[Problem statement]:
Repeat only the stretch of lines below that runs from the line with "1・2年生の茶道部員が、初々" through the line with "三相變壓器常用的繞組連接組有", unaltered.

Dataset entries section start

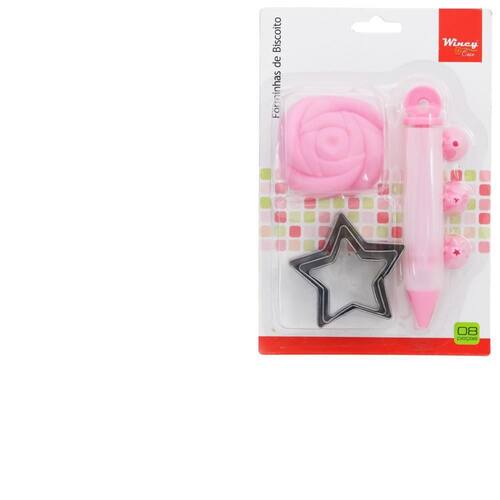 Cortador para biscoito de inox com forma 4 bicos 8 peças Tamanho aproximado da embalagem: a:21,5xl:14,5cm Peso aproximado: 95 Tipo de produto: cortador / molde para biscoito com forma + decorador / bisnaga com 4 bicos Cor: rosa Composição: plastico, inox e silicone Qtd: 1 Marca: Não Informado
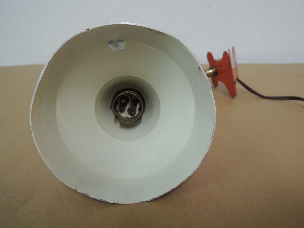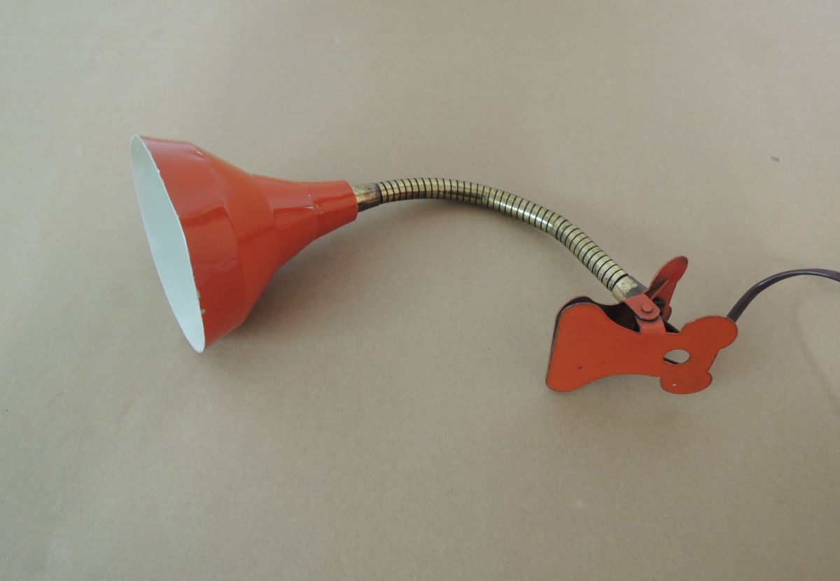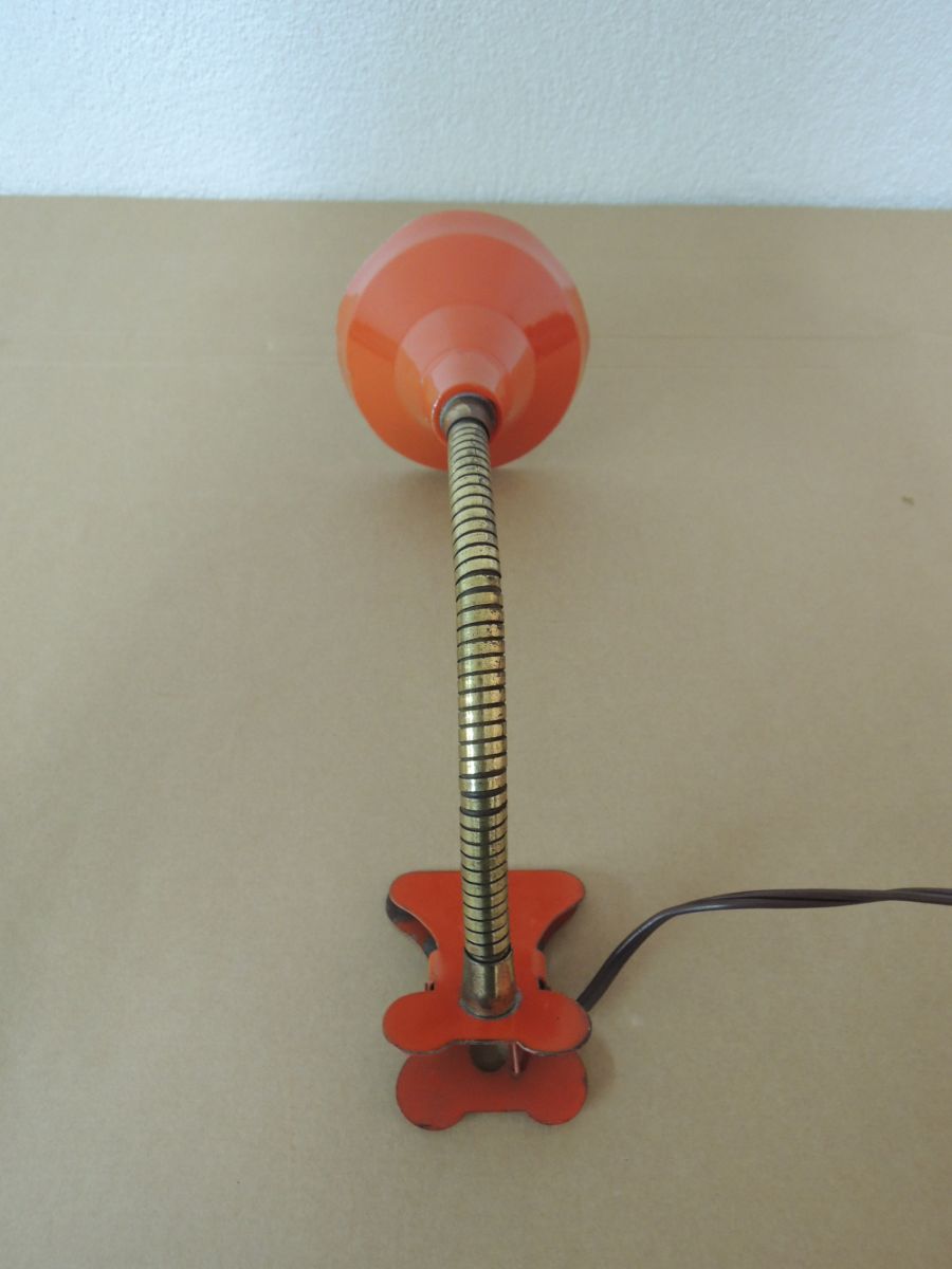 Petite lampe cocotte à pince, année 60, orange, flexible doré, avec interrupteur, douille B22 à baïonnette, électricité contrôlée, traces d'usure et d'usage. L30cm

Dataset entries section end
Dataset entries section start

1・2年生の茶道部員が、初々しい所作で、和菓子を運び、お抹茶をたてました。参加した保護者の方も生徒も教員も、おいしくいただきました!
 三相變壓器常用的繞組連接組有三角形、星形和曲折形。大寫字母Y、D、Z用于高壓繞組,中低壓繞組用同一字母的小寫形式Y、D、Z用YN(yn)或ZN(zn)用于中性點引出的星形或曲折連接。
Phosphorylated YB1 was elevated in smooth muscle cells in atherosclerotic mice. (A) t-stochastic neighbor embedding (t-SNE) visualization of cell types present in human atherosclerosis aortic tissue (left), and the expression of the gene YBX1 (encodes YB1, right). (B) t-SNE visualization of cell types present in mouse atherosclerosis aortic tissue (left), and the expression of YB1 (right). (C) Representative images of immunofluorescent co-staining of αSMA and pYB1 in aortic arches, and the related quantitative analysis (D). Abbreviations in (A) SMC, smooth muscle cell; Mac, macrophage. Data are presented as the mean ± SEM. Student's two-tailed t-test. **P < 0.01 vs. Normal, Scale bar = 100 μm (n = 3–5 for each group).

Dataset entries section end

[Your solution]:
1・2年生の茶道部員が、初々しい所作で、和菓子を運び、お抹茶をたてました。参加した保護者の方も生徒も教員も、おいしくいただきました!
 三相變壓器常用的繞組連接組有三角形、星形和曲折形。大寫字母Y、D、Z用于高壓繞組,中低壓繞組用同一字母的小寫形式Y、D、Z用YN(yn)或ZN(zn)用于中性點引出的星形或曲折連接。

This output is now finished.